HOUSTON, TEXAS – La schizophrénie a tendance à se produire dans les familles, ce qui suggère qu’elle est en grande partie héritée. Mais une recherche de longue date des gènes sous-jacents à cette affection psychiatrique grave n’a donné que des indices indirects. Maintenant, en fouillant l’ADN de dizaines de milliers de personnes, les chasseurs de gènes ont pour la première fois capturé une poignée de gènes rares qui, une fois mutés, semblent être des contributeurs directs à la maladie — et peuvent faire la lumière sur ce qui tourne mal dans le cerveau d’un patient schizophrène.
« Ce sont des gènes concrets avec des mutations avec un mécanisme moléculaire clair », explique Mark Daly du Broad Institute de Cambridge, Massachusetts, et de l’Université d’Helsinki, chercheur principal d’un consortium qui a présenté les travaux la semaine dernière lors de la réunion annuelle de l’American Society of Human Genetics (ASHG) ici.
« C’était un discours fabuleux », explique Jennifer Mulle de l’Université Emory d’Atlanta, qui étudie la génétique des troubles psychiatriques. » Nous ne comprenons rien aux voies biologiques. Maintenant, ces gènes nous donnent une avenue. »
Les personnes atteintes de schizophrénie, qui touche environ 0,7% de la population américaine, ont un sens déformé de la réalité et une pensée confuse; elles peuvent avoir des hallucinations et des délires. Certains patients partagent des anomalies génétiques similaires, telles que l’absence de morceaux spécifiques d’ADN, mais la façon dont ces lacunes peuvent contribuer à la maladie n’est pas connue.
Adoptant une approche différente, les généticiens humains examinent depuis des années les marqueurs d’ADN répartis le long du génome pour trouver ceux qui sont plus courants chez les personnes atteintes de schizophrénie que chez celles qui n’en sont pas atteintes. À ce jour, ces études d’association à l’échelle du génome (GWASs) ont trouvé plus de 270 marqueurs dans des portions d’ADN qui régulent les gènes.

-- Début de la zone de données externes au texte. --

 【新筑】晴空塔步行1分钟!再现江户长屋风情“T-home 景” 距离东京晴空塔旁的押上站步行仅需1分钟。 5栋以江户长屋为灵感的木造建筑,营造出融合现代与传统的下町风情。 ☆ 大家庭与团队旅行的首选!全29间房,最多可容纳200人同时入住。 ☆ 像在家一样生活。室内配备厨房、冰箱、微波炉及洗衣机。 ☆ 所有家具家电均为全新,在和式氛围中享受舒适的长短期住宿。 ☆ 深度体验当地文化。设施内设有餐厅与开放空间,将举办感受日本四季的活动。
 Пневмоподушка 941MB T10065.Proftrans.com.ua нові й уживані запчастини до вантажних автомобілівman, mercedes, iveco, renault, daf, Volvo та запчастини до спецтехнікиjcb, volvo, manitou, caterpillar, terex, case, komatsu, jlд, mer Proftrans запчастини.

Mais lier un marqueur à un gène spécifique et démêler le rôle du gène dans la maladie est un travail lent et laborieux.
Dans l’espoir d’aller plus vite, un consortium mondial appelé Méta-analyse de séquençage des exomes de schizophrénie a commencé il y a 2 ans à recueillir les exomes des patients, ou l’ADN qui code pour les protéines, plutôt que de réguler les gènes. Le consortium a maintenant des exomes pour 24 000 personnes atteintes de schizophrénie et 97 000 sans trouble, et a donc atteint la puissance statistique dont ils ont besoin: Ils ont maintenant trouvé 10 gènes avec des variantes invalidantes ultrarare qui favorisent la schizophrénie. Si l’une des deux copies de l’un de ces gènes d’une personne est de type handicapé, son risque de développer une schizophrénie augmente de quatre à 50 fois, selon le gène, a rapporté Tarjinder Singh, chercheur postdoctoral au Broad Institute, lors d’une session plénière de l’ASHG le 15 octobre. Ce risque très élevé suggère que les gènes — dont un seul avait été identifié auparavant — jouent un rôle important et direct dans certains cas de la maladie.

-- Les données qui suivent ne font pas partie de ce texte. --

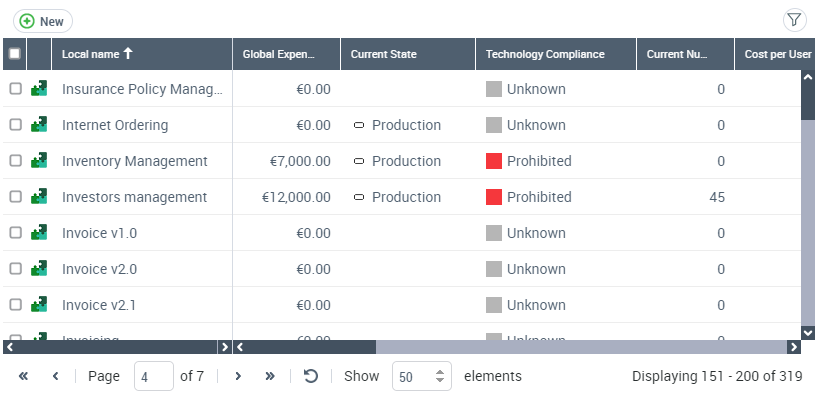 In this list, you can create a new application and filter the list.

Deux gènes, GRIN2A et SP4, se chevauchent avec les marqueurs GWAS. Cela suggère que même si moins d’une personne sur 10 000 porte les mutations à haut risque, les variantes des mêmes gènes qui augmentent le risque de schizophrénie en plus petites quantités peuvent être plus courantes. Il est important de noter que GRIN2A et un troisième gène parmi les 10 appelés GRIA3 codent pour les récepteurs cérébraux du neurotransmetteur glutamate. Certains chercheurs soupçonnent depuis longtemps que la voie du glutamate est impliquée dans la schizophrénie, en partie parce que deux médicaments qui bloquent ces récepteurs, le PCP et la kétamine, peuvent déclencher des symptômes semblables à ceux de la schizophrénie. Maintenant, ils ont une confirmation génétique et un nouvel élan pour développer des médicaments qui ciblent la voie du glutamate, dit Mulle.
D’autres gènes parmi les 10 repérés par le travail d’exome ne chevauchaient pas les marqueurs GWAS antérieurs, mais sont impliqués dans les processus synaptiques et neuronaux, et peuvent révéler de nouveaux détails de la biologie de la maladie, dit Singh. Et une autre trentaine de gènes avec des liens plus provisoires avec la schizophrénie se chevauchaient avec plusieurs gènes impliqués dans le trouble du spectre de l’autisme, suggérant un lien avec cette maladie.